▸ EXERCISE MATERIALS:
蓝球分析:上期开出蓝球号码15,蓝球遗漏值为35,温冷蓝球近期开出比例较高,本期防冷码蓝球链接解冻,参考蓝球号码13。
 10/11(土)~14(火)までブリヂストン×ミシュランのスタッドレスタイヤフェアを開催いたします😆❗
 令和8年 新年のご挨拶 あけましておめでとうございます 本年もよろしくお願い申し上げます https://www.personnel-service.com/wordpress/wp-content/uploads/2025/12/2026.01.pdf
---
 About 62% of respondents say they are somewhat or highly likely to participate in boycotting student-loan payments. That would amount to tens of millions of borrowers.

▸ TASK DIRECTIONS: Would you copy out exactly the lines above that start at the one containing "10/11(土)~14(火)" and end at the one containing "令和8年 新年のご挨拶 あけましておめでとうございます", inclusive?

▸ ANSWER SPACE:
 10/11(土)~14(火)までブリヂストン×ミシュランのスタッドレスタイヤフェアを開催いたします😆❗
 令和8年 新年のご挨拶 あけましておめでとうございます 本年もよろしくお願い申し上げます https://www.personnel-service.com/wordpress/wp-content/uploads/2025/12/2026.01.pdf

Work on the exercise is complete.